From the line containing "Bagmur: Mønstre I" through the last line of the listing, output each line exactly as it stands. Omit pictures.

- _DATA_:
+---+
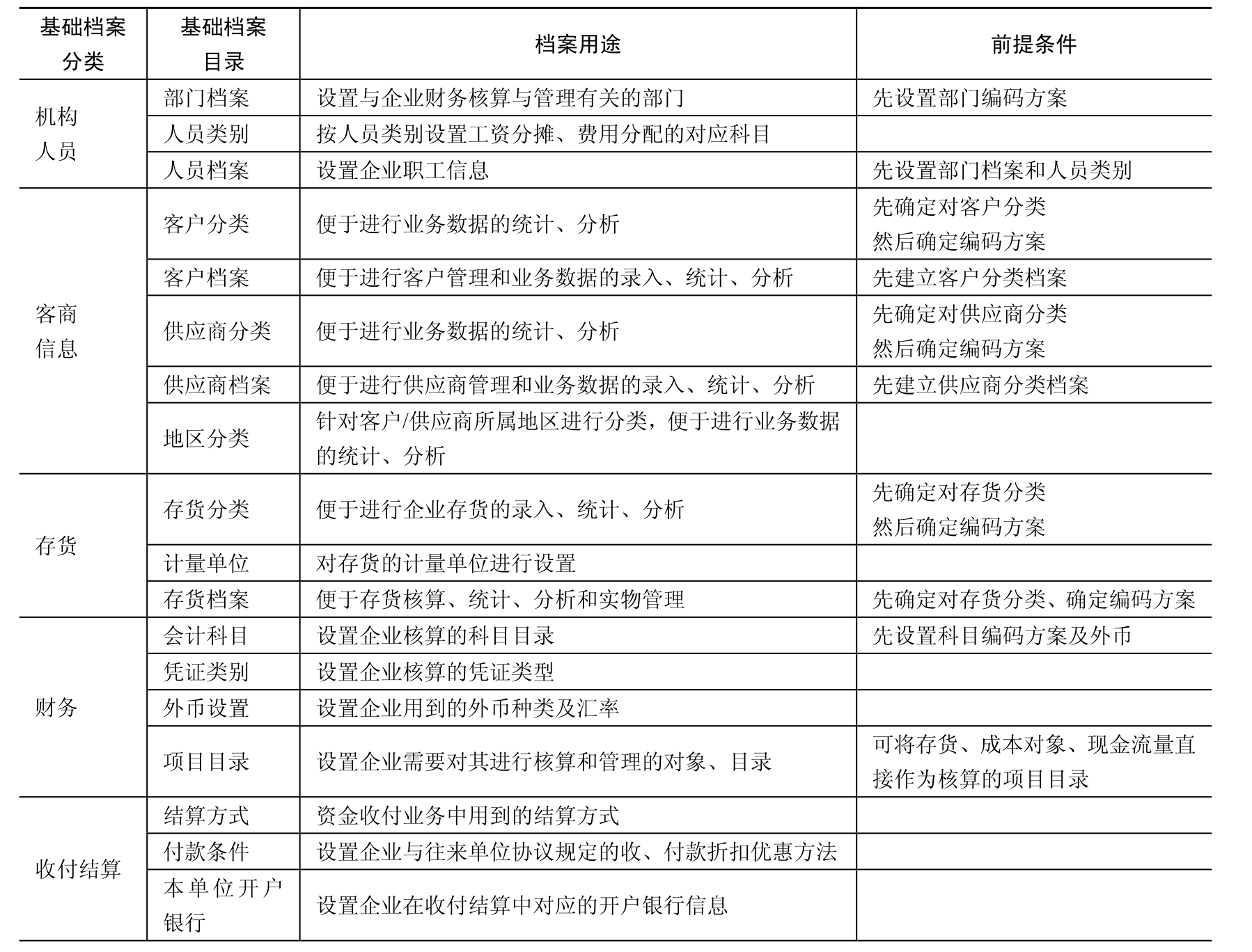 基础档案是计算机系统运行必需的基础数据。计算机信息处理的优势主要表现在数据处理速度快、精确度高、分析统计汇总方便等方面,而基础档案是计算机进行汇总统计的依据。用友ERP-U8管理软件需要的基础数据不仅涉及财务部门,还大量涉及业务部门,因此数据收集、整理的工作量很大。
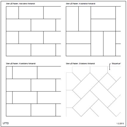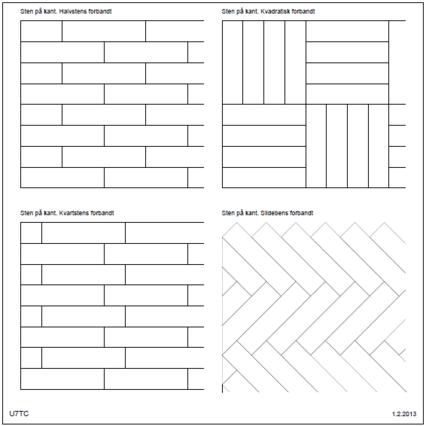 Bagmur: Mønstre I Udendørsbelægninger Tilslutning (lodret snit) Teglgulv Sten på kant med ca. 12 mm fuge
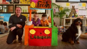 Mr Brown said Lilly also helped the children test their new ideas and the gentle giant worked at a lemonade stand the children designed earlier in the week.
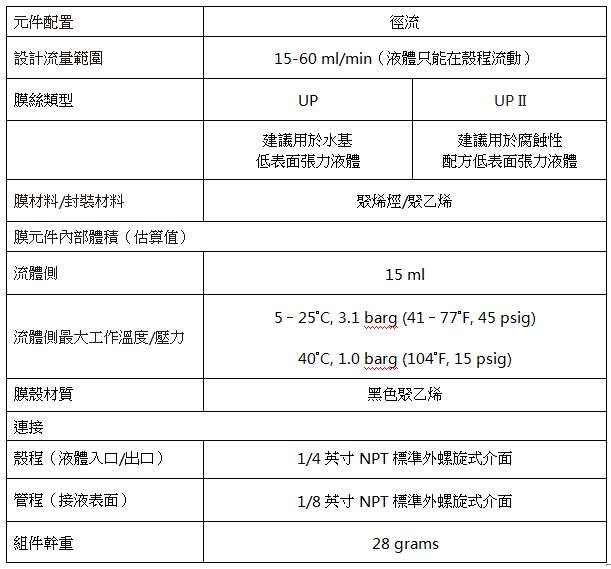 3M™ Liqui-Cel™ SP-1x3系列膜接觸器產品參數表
+---+
- _TASK RESPONSE_:
 Bagmur: Mønstre I Udendørsbelægninger Tilslutning (lodret snit) Teglgulv Sten på kant med ca. 12 mm fuge
 Mr Brown said Lilly also helped the children test their new ideas and the gentle giant worked at a lemonade stand the children designed earlier in the week.
 3M™ Liqui-Cel™ SP-1x3系列膜接觸器產品參數表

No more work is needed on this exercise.